“Code reviews are the worst! All the code I have to review is terrible, and people always take offense when I point out problems. And being reviewed is even worse – people always think they know better than I, can you believe it? And it’s all such a waste of time!”
- Reviews reduce defects. This is the primary purpose of reviews, and they’re very effective.
- Reviewing code builds familiarity for the reviewer. The reviewer is exposed to code they might not have worked with before, giving them a broader base of knowledge in their own development work.
- Reviewing code improves developers ability to self-review. The more code you review, the better you get at reviewing code. The better you are at reviewing code, the better you can review your own code before you commit it. The better reviewed code is before it’s committed, the fewer defects are found in peer review, and the faster peer reviews are.
- Expecting code to be reviewed encourages developers to self-review. Knowing that someone else is going to go over your changes after you submit them encourages you to self-review to save yourself the embarrassment, however slight, of a failed peer review.
- Peer review improves consistency. When developers submit code without anyone else looking at it, they tend to follow their own styles and practices. As they review more of each others’ code, they will naturally tend to converge on a fairly similar set of styles and practices.

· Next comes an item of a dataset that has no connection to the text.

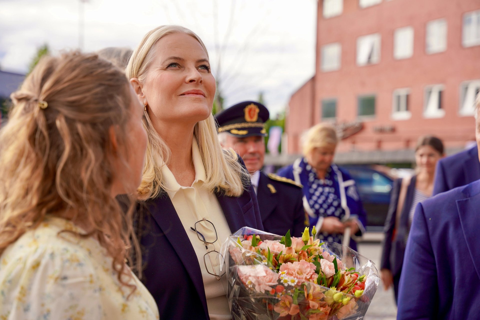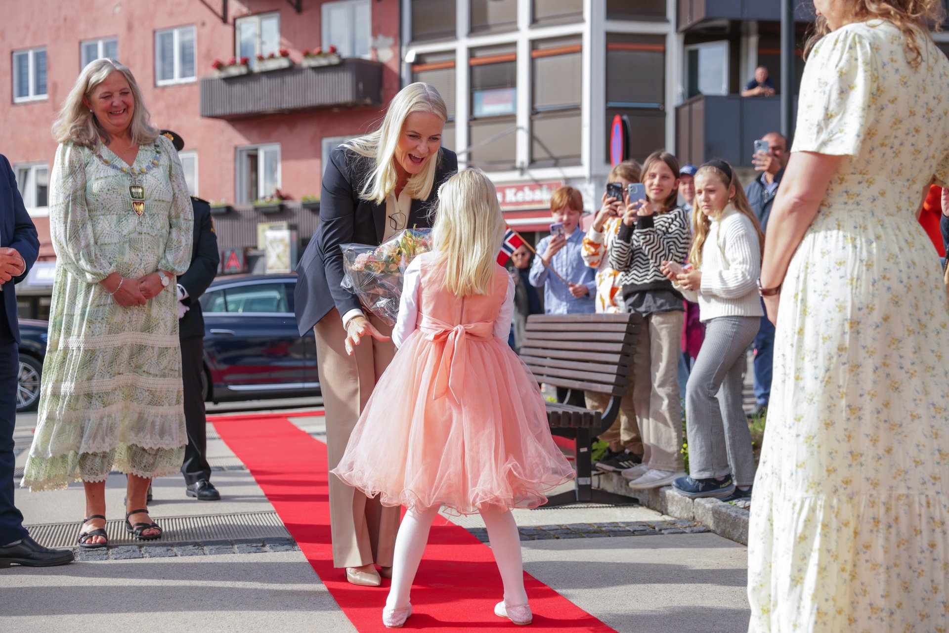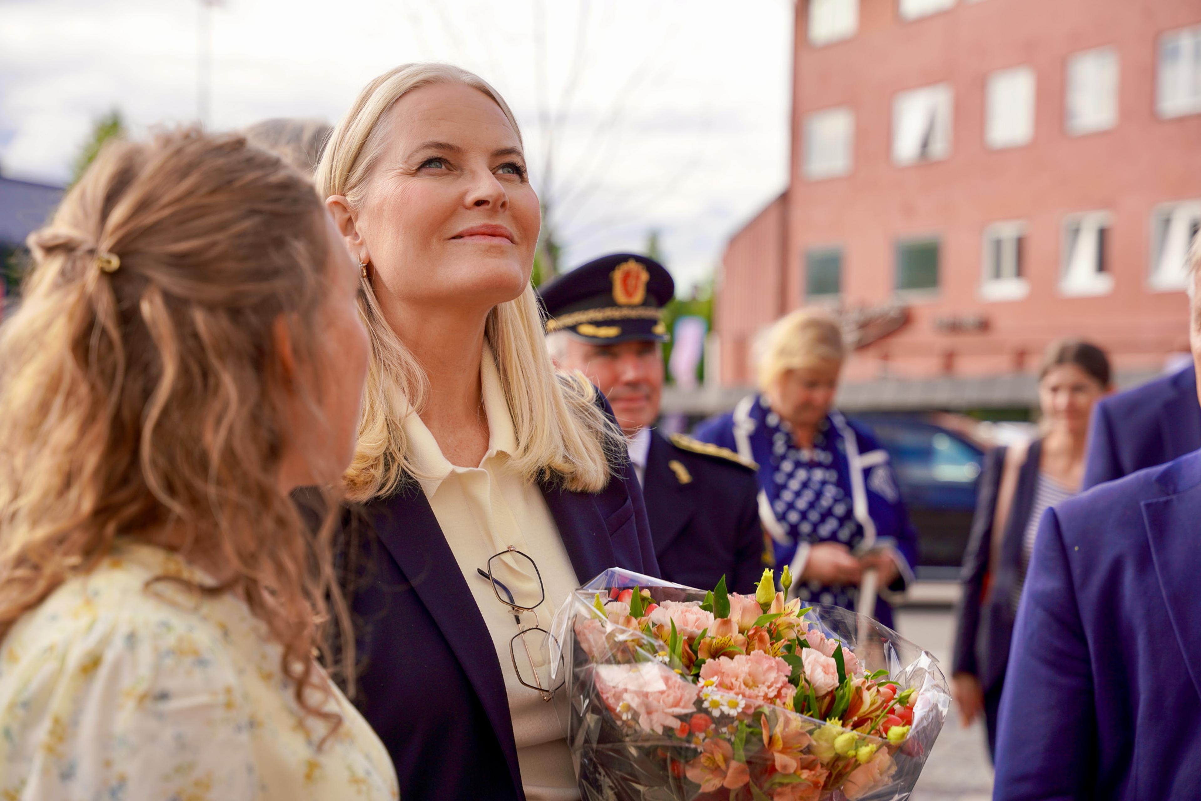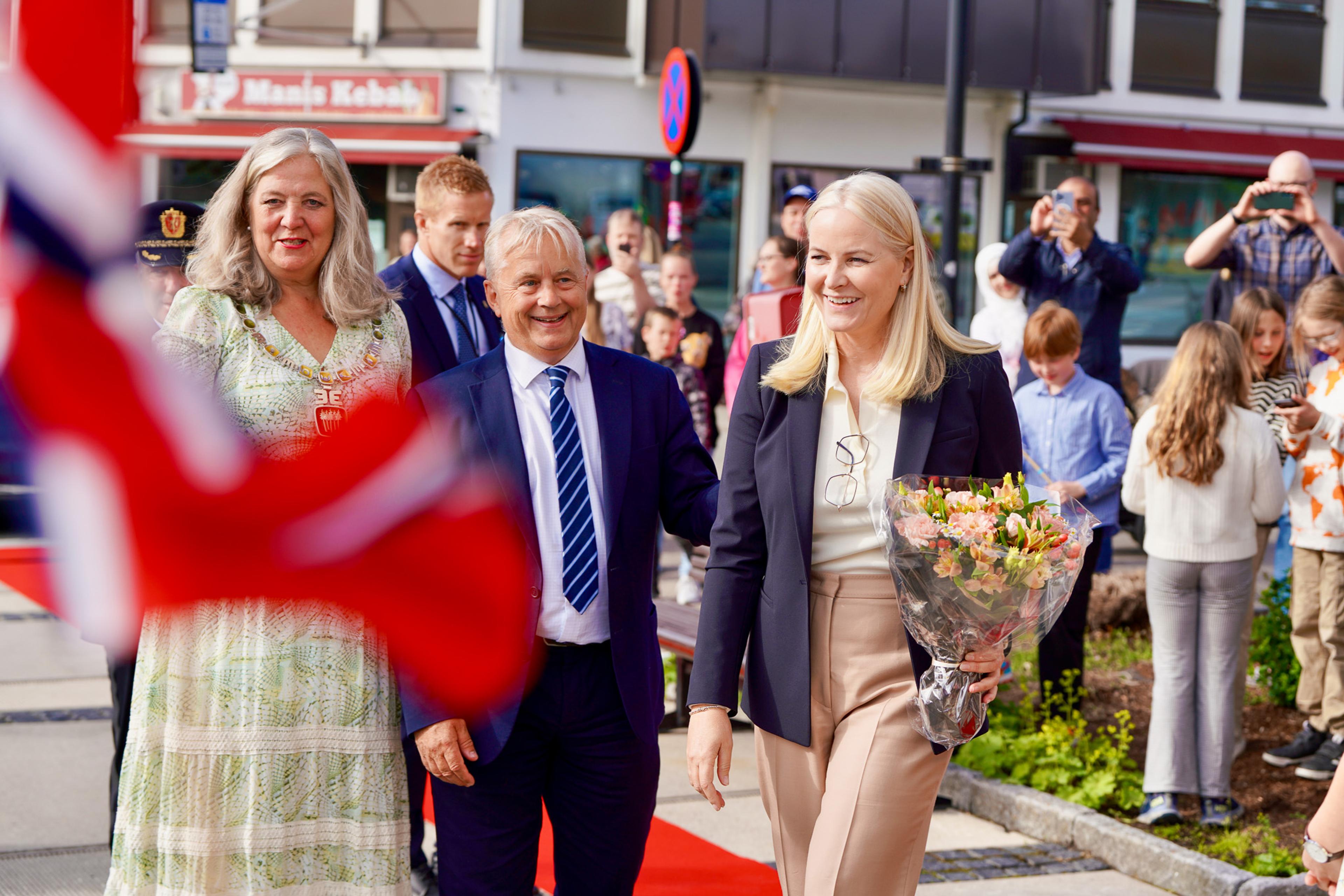På togets første stoppested ble Kronprinsessen møtt av statsforvalter Knut Storberget, ordfører Lillian Skjærvik og fungerende politimester Tom Johnsen.

- Peer review helps to breed a sense of collective ownership. After peer review, code is no longer “his code” or “her code” or “their code” it’s “our code”.
- In situations where everyone is an architect – which I strongly support – peer review is even more critical. Collective design is only collective if everyone is looking over each other’s shoulders, seeing how problems are being solved, and suggesting possible alternative solutions. It really helps close the gap between a group of individuals and a true development team.